A copy of this announcement will be made available at www.salamander-energy.com no later than 12:00 noon (London time) on 15 January 2015 (being the business day following the date of this announcement) in accordance with Rule 30.4 of the Code. The content of the website referred to in this announcement is not incorporated into and does not form part of this announcement.

Forward looking statements

Some of the statements in this announcement include forward-looking statements which reflect the Salamander group's (the "Group") or, as applicable, the directors' of Salamander (the "Directors") current views with respect to financial performance, business strategy, plans and objectives of management for future operations (including development plans relating to the Group's exploration and production). These statements include forward-looking statements both with respect to the Group and the sectors and industries in which the Group operates. Statements which include the words "expects", "intends", "plans", "believes", "projects", "anticipates", "will", "targets", "aims", "may", "would", "could", "continue", their negative variations and similar statements of a future or forward-looking nature identify forward-looking statements for the purposes of the U.S. federal securities laws or otherwise. All forward-looking statements address matters that involve risks and uncertainties many of which are beyond the control of the Group. Accordingly, there are or will be important factors that could cause the Group's actual results to differ materially from those indicated in these statements. These factors include but are not limited to the following factors:  declines in oil or gas prices; energy demand in South-East Asia;  accuracy of the estimates of the Group's reserves and resources;  the Group's ability to implement successfully any of its business strategies; the Group's ability to fund its future operations and capital needs through borrowing or otherwise; outcome of the exploration activities; increased operating costs; the Group's ability to obtain necessary regulatory approvals; competition in the markets where the Group operates; changes in tax rates; changes in accounting standards or practices; inflation and fluctuations in exchange rates; the impact of general business and global economic conditions; changes in political, economic, legal or social conditions in Thailand, Indonesia, or Laos; changes in the policies of the governments of Thailand, Indonesia, or Laos; and the Group's success in identifying other risks relating to its business and managing the risks relating to the aforementioned factors.

Any forward-looking statements in this announcement reflect the Group's or, as applicable, the Directors' current views with respect to future events and are subject to these and other risks, uncertainties and assumptions relating to the Group's business, results of operations and growth strategy. Each forward-looking statement speaks only as of the date of this announcement.
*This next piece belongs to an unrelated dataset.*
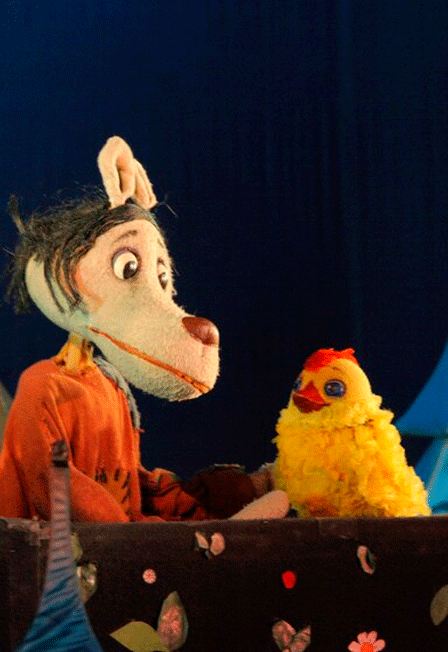 Мюзикл в двух действияхСоздатели спектакля:Режиссёр – Владимир МартьяновСценография и куклы – Владимир ХовралевКомпозитор – Игорь РогалёвТекст песен – Владимир Орлов, Вадим ЖукПриключенческий мюзикл для детей «Золотой цыплёнок» создали известный драматург и поэт Владимир Орлов и композитор Игорь Рогалев. Зрители увидят совершенно невероятную историю о том, как Лиса решила похитить у Деда с Бабой золотое яичко, вырастить из него с помощью Волка золотую курочку и разбогатеть, что и приводит к совершенно фантастическому результату. Волк становится самым настоящим папой для цыплёнка. Как все это произошло и что будет, когда цыплёнок узнает, что настоящее имя его любимого папочки – Волк, заранее рассказывать не хочется. Достаточно будет пообещать, что в добрых сказках все заканчивается общей радостью. В спектакле множество комических эпизодов, неожиданных поворотов событий и, конечно, музыки. Действующие лица и исполнители:Цыплёнок – Элла Мирзоян, Ольга ЕвграфоваЛиса – Татьяна Баркова, Ольга ЕвграфоваВолк – Сергей ЕвграновПродолжительность: 1 час 15 минут с

Subject to any obligations under applicable law, rules and regulations, neither Salamander nor the Directors undertakes any obligation to publicly update or review any forward-looking statement or other information contained in this announcement whether as a result of new information, future developments or otherwise. All subsequent written and oral forward-looking statements attributable to the Group or individuals acting on behalf of the Group are expressly qualified in their entirety by this paragraph.